それでパパからその場所を聞いて、運送屋さんにお願いしてここに運び込んでもらってるの」
最後の荷物を運び終えた配送員は、ではサインをお願いします、と伝票を持ってきた。ママはそれにさらさらとサインをして、ごくろうさま、とねぎらう。配送員は一礼してトラックに戻っていった。店の中はまたほこりまみれの骨董品とまだ開封されていない段ボール箱でいっぱいになった。あずは深いため息をついた。
「どうするのよ、これ……」
「がんばって売らなくちゃね」
「売れないよ、こんなの」
「そんなことないわよ、あーちゃん、すごいがんばってくれてるもの。またお客さんがいっぱいきて、すぐに売り切れちゃうわ」
ママはそんなことを言いながら、ぶきみな木馬の頭をいとおしそうに手のひらでなでた。
「売れないよ、ぜったい」
「どうしてそんなこと言うの?」
「パパの様子どうだった?」
「それがね、お店が繁盛しているって話したら、すごいテンションあがっちゃって、よーし、これからもどんどん仕入れるぞって。保管場所も必要になるから、もうひとつ倉庫を借りてくれって言われたわ」
「さいあく。倉庫なんか借りることないわ」
「そうはいかないわよ、パパ、すごいやる気になってんだから。それでさっそく契約に行ったら、パパったら倉庫のレンタル料、ずっと滞納してたの。その代金も払わされちゃった。パパったらあいかわらず、お金にだらしないわよね」
「ちょっと、ママ、どうしちゃったの?」
「なにが?」
「パパのそんなルーズなところ、大きらいだったはずでしょ。どうして怒らないの? 昔ならもっとヒステリックになってたでしょ、パパの借金なんて払ってやることないのに。ママがそんなにパパを甘やかしたら、パパ、どんどんダメになっちゃうよ」
「あーちゃんこそ、どうしちゃったの。変よ、一生懸命がんばっているパパを、どうして応援してあげないの。パパがやる気になってくれて、お店も繁盛してくれて、そしたらママ、この家に戻ってきて専業主婦でのんびりできるわね。お料理やお洗濯、がんばるわ」
「ダメ! ぜったいダメ! ママ、今すぐここから出て行って!」
あずの大声に、ママは肩をびくっとさせた。
「なに言い出すの」
「説明はあとでするから、とにかく何も言わずに、この家から出て行って」
「ママのこと、そんなにきらい?」
「ちがう、好きだから言ってるの。あたしは外でバリバリ働いているママが好きなの。モーレツなキャリアウーマンで、男を蹴落としてどんどん出世していくママが好きなの。

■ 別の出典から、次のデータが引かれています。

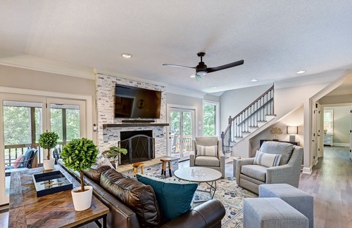 This gorgeous home features 7 bedrooms that sleep 16 and 5 and a half baths! With bedrooms on all 3 levels of the home, it offers both comfort and convenience for your group. On the main level, a master bedroom with a full bath, a queen suite, and a king suite, all featuring large plush bedding and pillows for a restful sleep. You will be right at home while feeling relaxed and pampered. The upper level features luxurious sleeping areas include 2 king bedrooms, one with en suite bathroom, and a bunkroom. The bunk room is perfect for the kids, with two Twin over full bunk beds that sleep 4, and a TV. Need some alone time? Hide away in the cozy reading nook upstairs and get lost in a book!
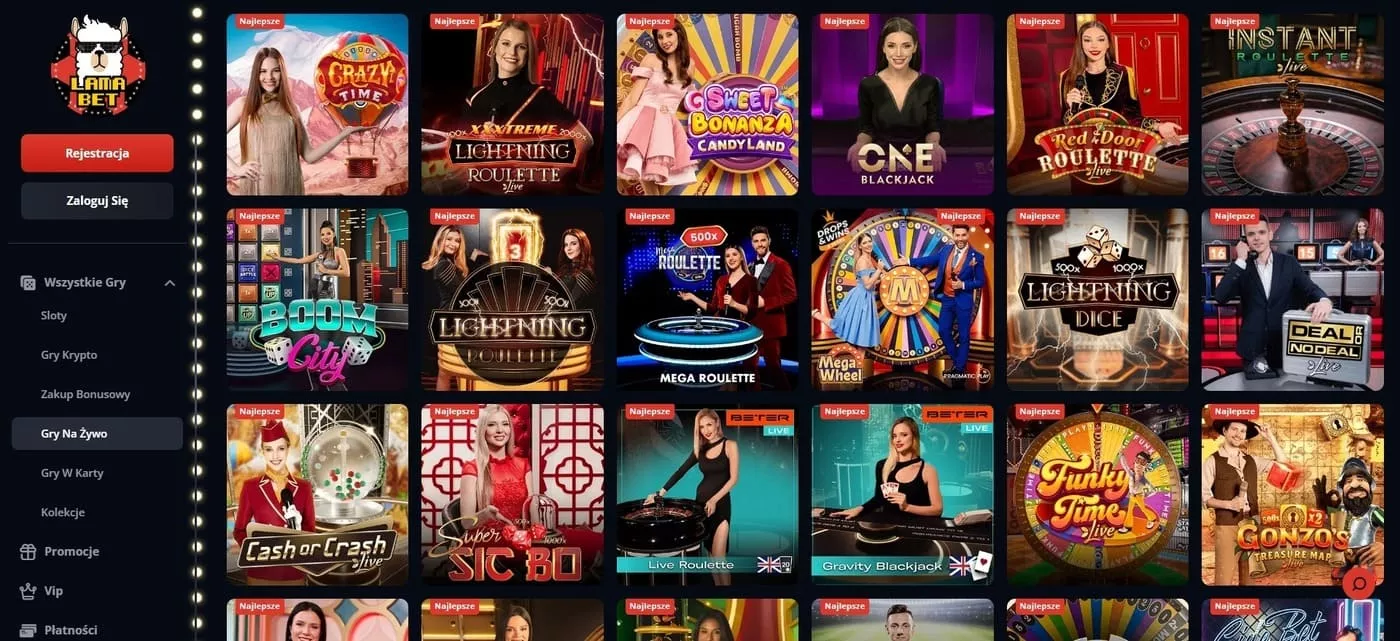 W kasyno Lamabet gra online może wkraczać na jeszcze wyższy poziom rozgrywki. Zamiennikiem dla gier stołowych mają być nowoczesne transmisje kasyna live. To specjalne strumieniowe transmisje, które prowadzą reali krupierzy. To odmiany symulujące prawdziwą grę, taką samą, jaka ma miejsce w kasynach naziemnych. Do dyspozycji użytkowników w kasynie LamaBet na żywo są gry: ruletka, poker, karcianki, gry planszowe, gry liczbowe i losowania (teleturnieje).

パパみたいなだらしない男にすがって生きていくようなママは見たくないわ。この家にいたらママはどんどんダメになっちゃう、専業主婦って言うけど、どうせすぐに家事なんかやらなくなるわ、昼間からごろんと寝転んでポテトチップスつまみながらテレビのワイドショーをだらだら見るのよ。読むのは女性週刊誌ばっかり、それで同じようなおばさん仲間と芸能人のゴシップで何時間も長電話するの。ああいやだ、そんなママなんか見たくない」
「でもねえ、もうママ、働くの疲れちゃったのよ、仕事にも興味がなくなってきたし」
「それはママのせいじゃない、この町のせいなの。ここにいるからそんな気分になるの、だからこの町を出て行って、早く、今すぐ。ここから出れば、すぐに元に戻るから」
「ちょっと、あーちゃんが何を言ってるのか、よくわからないんだけど」
「いいから、説明したって今はわかってもらえないと思う、とにかくここにいてはダメ」
あずはママの背中を押して、店から出て行かせる。乗ってきた車の運転席に押し込んで、じゃあね、と手を振る。ママはぼんやりと首をかしげながら、それでもあずの勢いに押されて車のエンジンをかけた。